Amazing things happen in Brayden Mekertichian’s “Burning, in You.” In a series of short, powerful sections, we’re swept through seven years in the life of a young woman, from the age of thirteen to the age of twenty. We’re with her when she’s high, we’re with her when she’s low, and we’re with her when she’s lower than low. And yet, somehow, there’s humor in this story. There’s bravado peppered with fear. Confusion salted with insight. It’s a portrait in mosaic of what can occur when a young person’s self-image, sense of self-worth, and tendencies towards self-indulgence collide. The gaps are enormous. The ending is mysterious. The emotional import is colossal. I admire this story as much for what it leaves out as for what it includes, and we’re delighted to honor it as one of the winners of our Teen Writing Contest.

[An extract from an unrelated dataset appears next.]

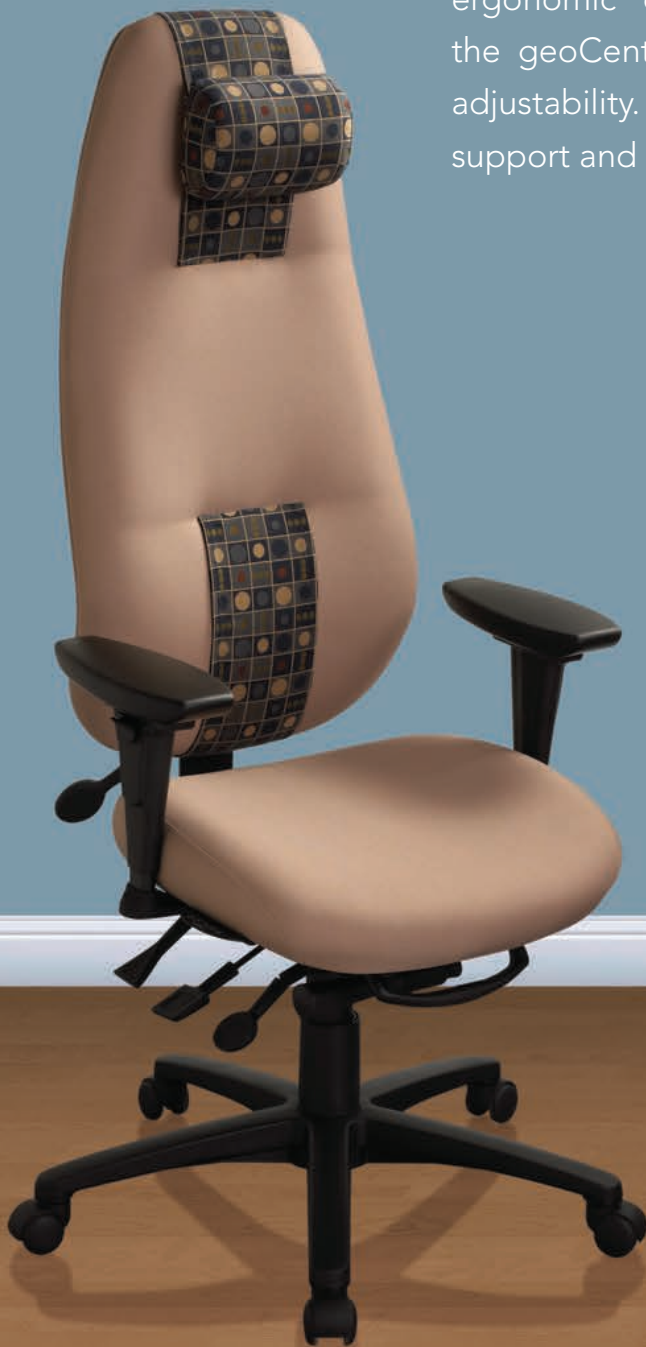
geoCentric Extra High Back

geoCentric chairs provide a comfortable solution for both dedicated and multiple office tasks requirements. Utilizing over 20 years of proven ergonomic design and patented technologies, the geoCentric series offers the widest range of adjustability. The Chairs can also be customized for support and for changing individual needs.

To read an interview with the author, please visit our website.
Is it bad form for a ghost to look over your shoulder
while you’re typing an email? Do ghosts need therapy? How do ghosts have sex?
These are the kinds of questions that rolled around in Chris Vanjonack’s head
before he started writing “Phases.” Henry, the story’s narrator, had an
unfortunate encounter with a lightning bolt sometime back. Now, his “life”
consists of wandering the planet, walking through walls, and watching his
ex-girlfriend get over him. And dating—sort of.
Henry is lonely but surrounded by other ghosts. He’s impatient but not even sure what he’s waiting for. And for all his mobility and freedom, he’s overwhelmed by limitations. As the author states in our Q&A, ghostdom, as he imagined it, became “a potent metaphor for depression, or for ennui, or loneliness, or even aging. No one can see me. I can’t make a difference. I don’t feel the way I used to. I can’t feel anything.” But don’t be misled. “Phases” is no downer. In fact, it’s charged with wit and humor, and it’s fueled by a voice packed with charm. There’s a forward lean to the earnestness in Chris Vanjonack’s writing, and it shines through in this story. We’re delighted to welcome him into the One Story family.